The manager has to know all his duties and understand what is to be done every day not to be confused and fail. The task of the CEO is to provide him with precise tasks and evaluate the performance (Sharpley, 2012). The executives are to realize that the assignments needed to reach one and the same target in France and America may differ due to the mentality. That is why it is crucial that they deepen into it, as the manager will have personnel management responsibilities.
To direct the operation, the CEO needs to implement sufficient policy and strategy (Berghe, 2012). So the decision of which strategy of international performance management to utilize depends on this person. There are three basic strategies:
- Adaptive strategy – develop unique PM and practices in each foreign unit;
- “Exportative strategy – develop the PM system in the home country and transfer it to foreign units;
- Integrative strategy – combine local PM practices with those within the region and around the world” (Briscoe, Schuler, & Tarique, 2012, p. 348).
As the manager is going to France, where the population is rather diverse, it will be more useful to utilize the integrative strategy, which combines the elements from all over the world. In this way, the implementation will be easier to manage. The employee who will be expatriated is likely to feel fewer difficulties while managing his activities, as he is already familiar with the local practices and the rest of his co-workers with region ones.
To oversee the foreign operation, the CEO is to gain the reports that reflect the work of the manager and the whole department. It is vital to receive the information rather often. The reports are to be presented each month. In this way, the CEO will be sure that the time is not wasted, the manager copes with his duties, and the company works effectively. In a case of some issues noted by the CEO or reported by the employee, the executive management team will implement changes so that no or minor losses will be experienced.

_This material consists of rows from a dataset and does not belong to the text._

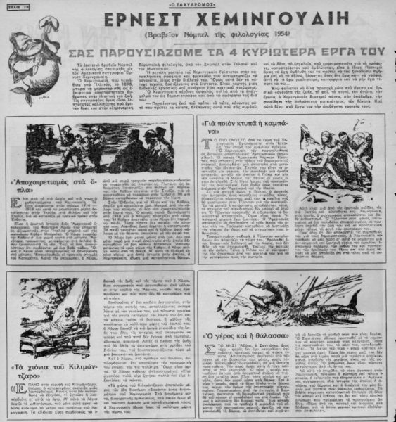 Στον τιμηθέντα και με το Νομπέλ Λογοτεχνίας (1954) Χέμινγουεϊ, έναν από τους σημαντικότερους συγγραφείς ολόκληρου του 20ού αιώνα, ήταν αφιερωμένο ένα δημοσίευμα του «Ταχυδρόμου» που είχε κυκλοφορήσει στις 4 Δεκεμβρίου 1954.
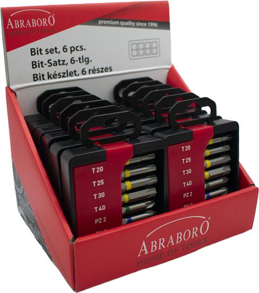 Kiszerelés: 12 darab 6 részes bitkészlet kínálóban A 6 részes bitkészlet tartalma: 1 x PH2 x 50 mm 1 x PZ2 x 50 mm 1 x Torx 20 | Torx 25 | Torx 30 | Torx 40 x 50 mm
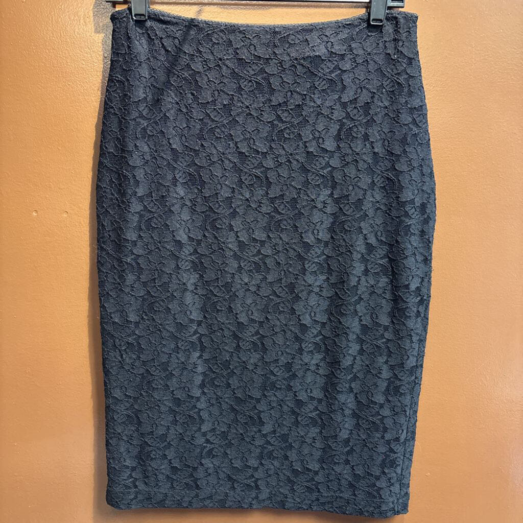 This women's express skirt is so fashionable. The lace pattern on this skirt adds so much dimension. This piece is a size 8 and mid length in the color black. Come check it out!
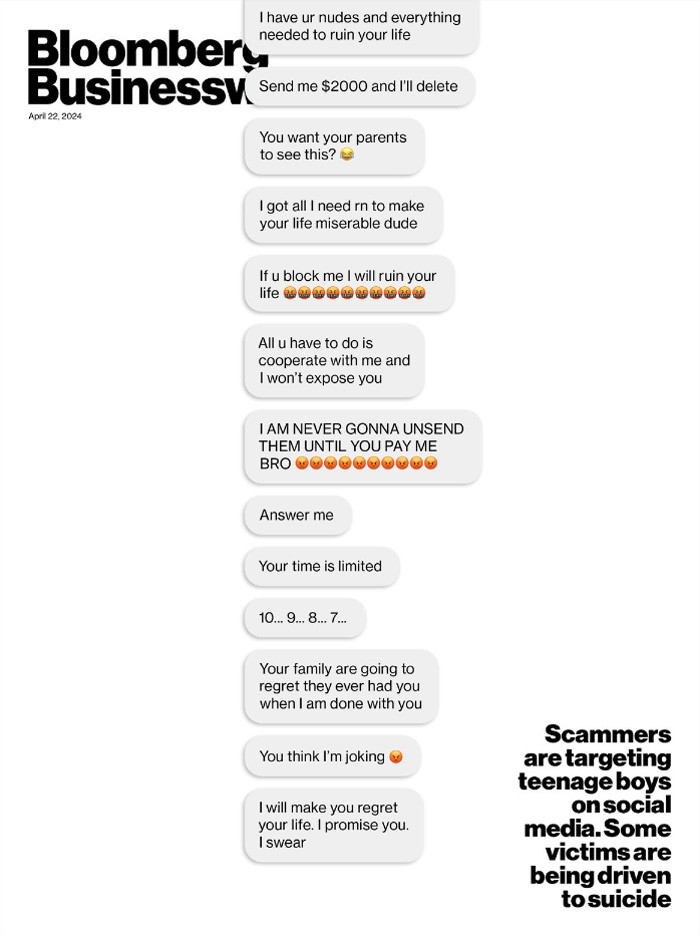 Téme sexuálneho vydierania detí venoval časopis Bloomberg Businessweek aj titulnú stranu. Všetky uvedené správy sú doslovné a pochádzajú zo skutočných prípadov či návodov pre zločincov.
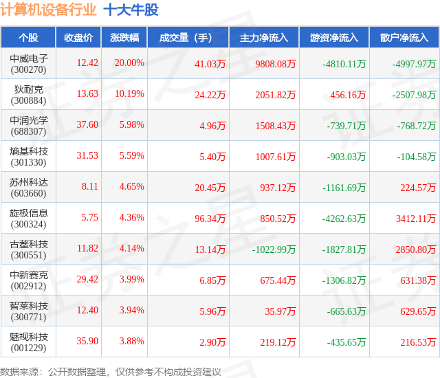 个股表现方面,计算机设备行业当日领涨股为中威电子(300270),该股当日报收12.42,上涨20.0%,成交量41.03万,主力资金净流入9808.08万元。狄耐克(300884)以上涨10.19%紧随其后,该股当日成交量24.22万,主力资金净流入2051.82万元。除此之外,中润光学(688307)、熵基科技(301330)、苏州科达(603660)均进入当日牛股之列。具体个股列表见下表:
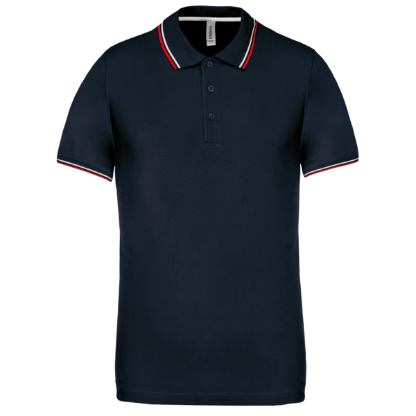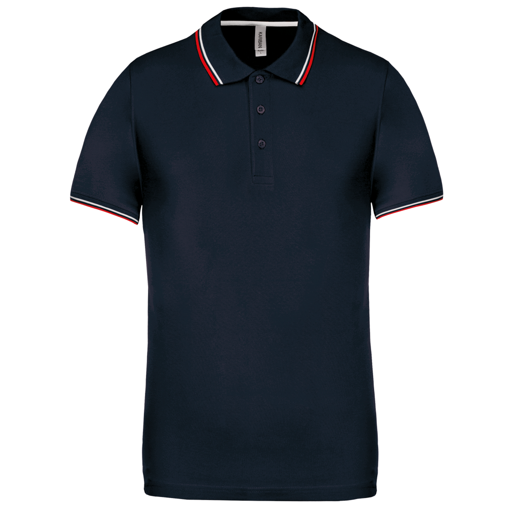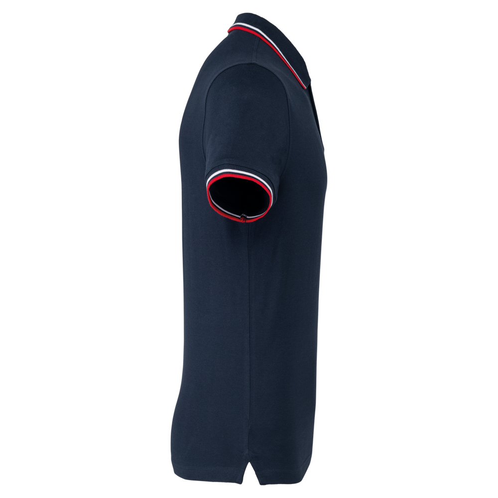 100% Baumwollpiqué. Rippstrickkragen und Ärmelabschluss mit Kontraststreifen. 3-Knopfleiste. Kontrast-Nackenband. Doppelnahtsaum und Seitenschlitze.
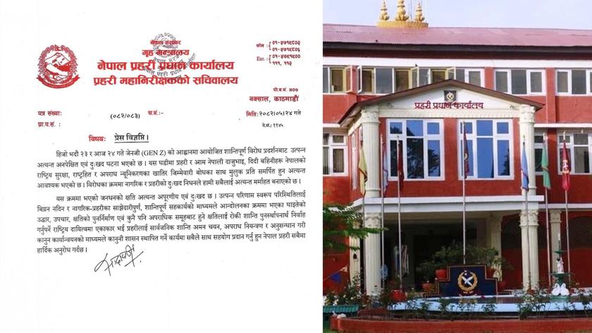मङ्गलबार राति प्रहरी प्रधान कार्यालयले प्रेस विज्ञप्तिमार्फत सोमबार जेन–जीको आह्वानमा आयोजित शान्तिपूर्ण विरोधप्रदर्शनका क्रममा भएका दुःखद् घटनाबाट प्रहरी सङ्गठन मर्माहत भएको जनाएको छ ।
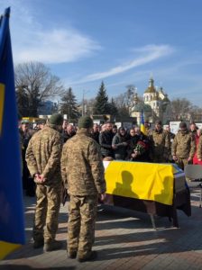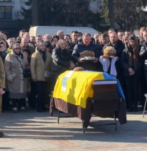 Багато людей прийшли до центру міста, щоб віддати шану воїну.

If the problem occurs because of the HRM Department, the CEO will address it to them and give some time to find the way out. After repatriation, the CEO is to provide the general assessment of the manager’s work and make sure that one can cope with his duties in the local area again.

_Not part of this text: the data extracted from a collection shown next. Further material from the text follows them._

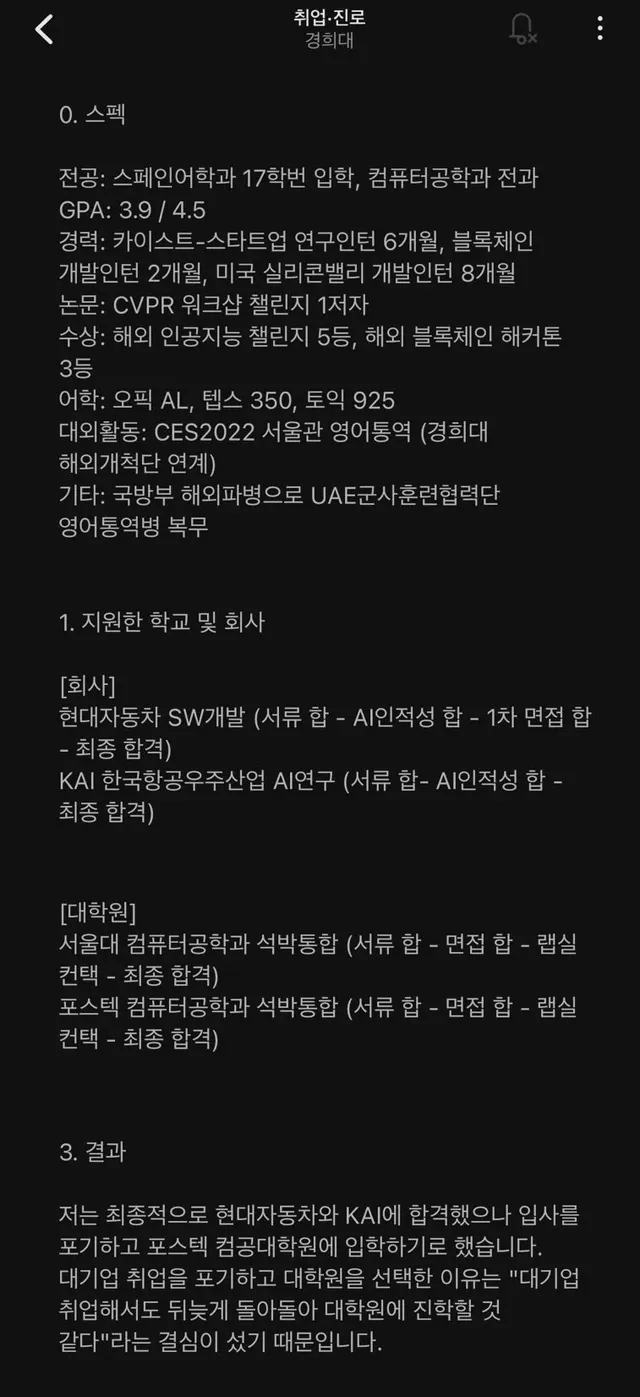 2년전에 현대차 합격했지만 버리고 포항공대 대학원 석박사과정으로 들어간 사람인데
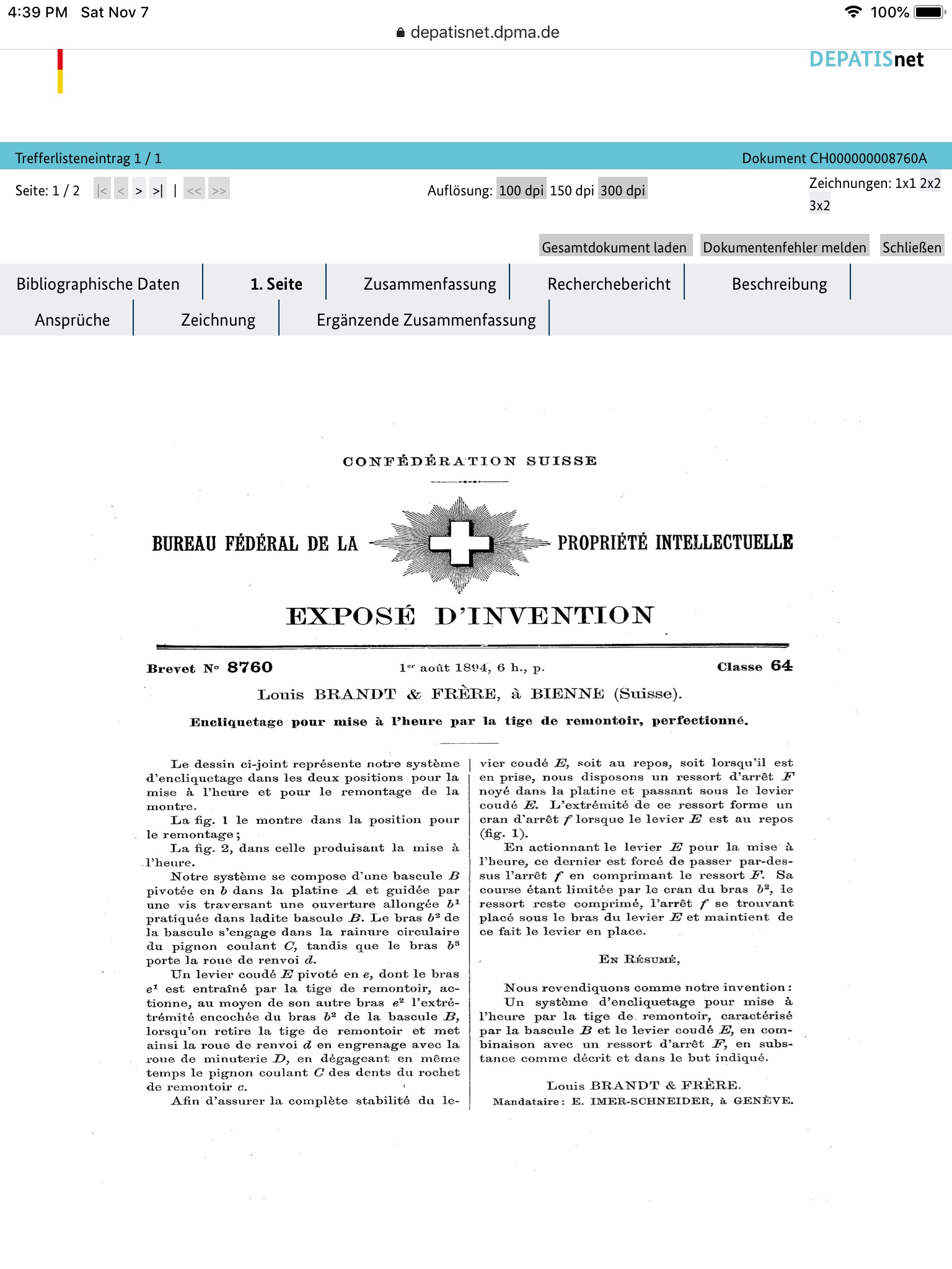 Brevet 8760. I understand that brevet means patent, so this is a patent #. I haven’t been able to find anything about the patent online
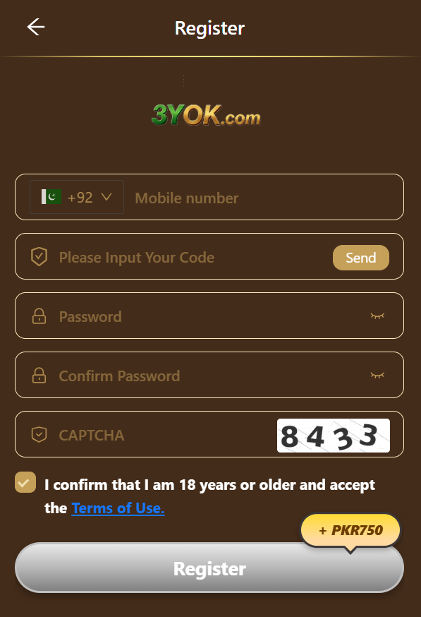 - Launch 3YOK Game and tap the register button to create your new account.
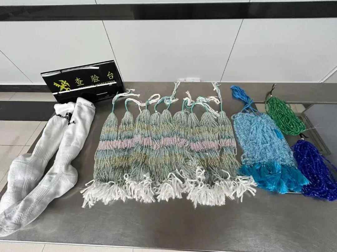 近日,广东深圳罗湖海关查获进境旅客双腿绑藏珠串330条。
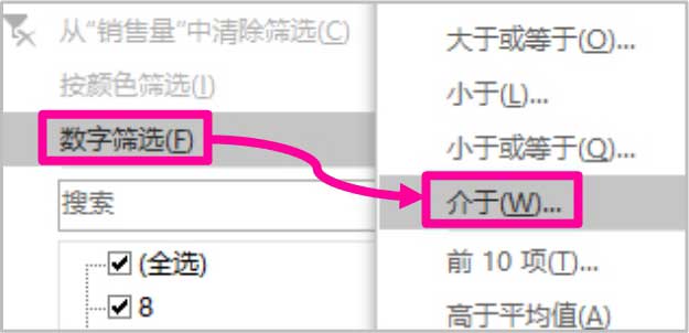 Step2: 单击“销售量”右下角的下拉三角标记→“数字筛选”→“介于”,如图1-43所示。
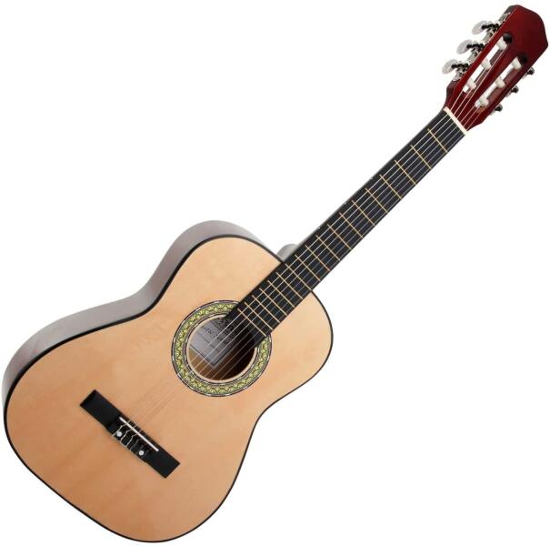 Klasszikus fa gitár 95 cm x 35 cmA 4/4-es méret felnőtteknek és gyermekeknek ajánlott 13 éves kortól és 1,66 m magasnak. - Méret: 4/4- Anyag: - acél. - Test: hársfa- Bronz foszforhúrok . 012–053. - A termékek tartalmazhatnak hiányos felületeket, amint az minden nem professzionális gitáron megtalálható, de amelyek nem befolyásolják a hangot

As the line manager is a person responsible for the activities conducted to achieve high performance regarding the particular line of services, one is to make sure that the employee will be able to cope with them. As one supervises and mentors the team, which includes this professional, they are to get prepared for the new kind of communication (Rims, Veres, Jackson, & Facteau, 2001). To get ready for the expatriate of the worker, the line manager is to define the best ways of maintaining the activities they undertake within the local framework. One is to make sure that the employee is ready to take particular tasks by evaluating the work and managing employee improvement. This person is to provide training to enhance the skills and knowledge of the individual (Nejati, Nejati, & Shafaei, 2008). In needed, such activities are to be conducted when the employee moves, so online communication is to be considered.

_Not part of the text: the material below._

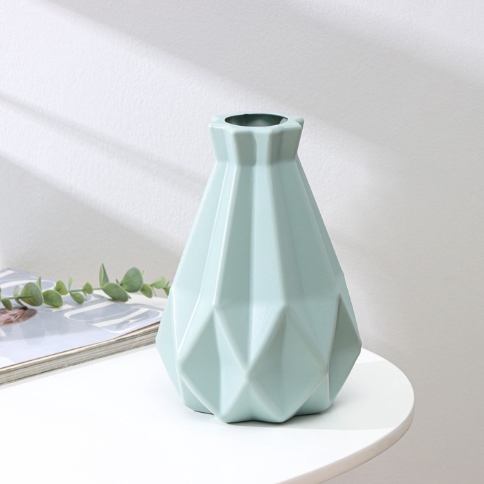 Ваза для цветов выполнена в современном дизайне, что позволит ей вписаться в любое помещение, стать украшением интерьера. Преимущества: * Ваза отлично подходит, как для декора домашнего интерьера, так... Показать описание и для офиса, ресторанов и других заведений, также хорошо смотрится на даче и в загордных домах, поставив на стол или подоконник с видом на сад из окна. * С помощью этой вазы можно замечательно оформить цветочную композицию и букеты. Подходит для сухоцветов и живых цветов. * Ваза маленькая легкая и не бьется, это отличное решение, если в доме есть животные или дети, пожилые люди, при падении не повредит напольное покрытие и исключит опасные осколки, что повышает безопасность ваших близких и домашних животных. * Хорошая замена для вазы из стекла и керамики для искусственных цветов. * Ваза легко очищается при необходимости достаточно просто сполоснуть ее тёплой водой. * Пластик не оставляет никаких царапин и не загрязняет поверхности. * Декоративная настольная ваза выполнена из прочного и легкого пластика, который безопасен и не имеет запаха. Дополнительно Для размещения более тяжелых цветов, букетов поместите груз внутри вазы в виде декоративных камней или других утяжеляющих предметов.
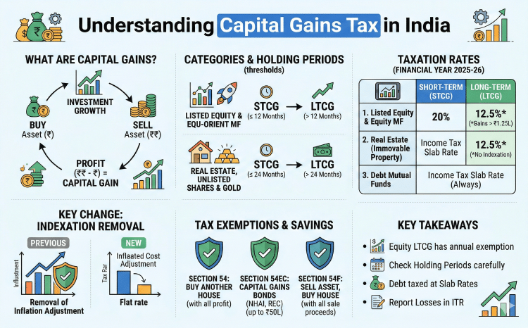 A comprehensive guide to understanding Short-Term and Long-Term Capital Gains tax in India, covering equity, debt, real estate, and gold for the financial year 2025-26.

One is to allocate the work and monitor it. For this, they should get in touch at least once a week. The line manager will be sure how the things are going and will assess the performance to find out whether the improvement is needed. One also needs to receive the reports to define the quality of the work and to present them to the CEO (Fields, 2008).
Entering unknown environment, the employee can lose one’s confidence and desire to achieve mutual goals. That is why, the line manager is to motivate him and restore the feeling of belongingness. Without it, the worker’s performance will worsen, and one will face many difficulties when repatriate. So when this person comes back, the line manager should make sure that the distance between them is not crucial, and they are able to maintain the positive working environment. The person is to enter the team he has left before without any problems, but if they occur, the line manager is to find a solution.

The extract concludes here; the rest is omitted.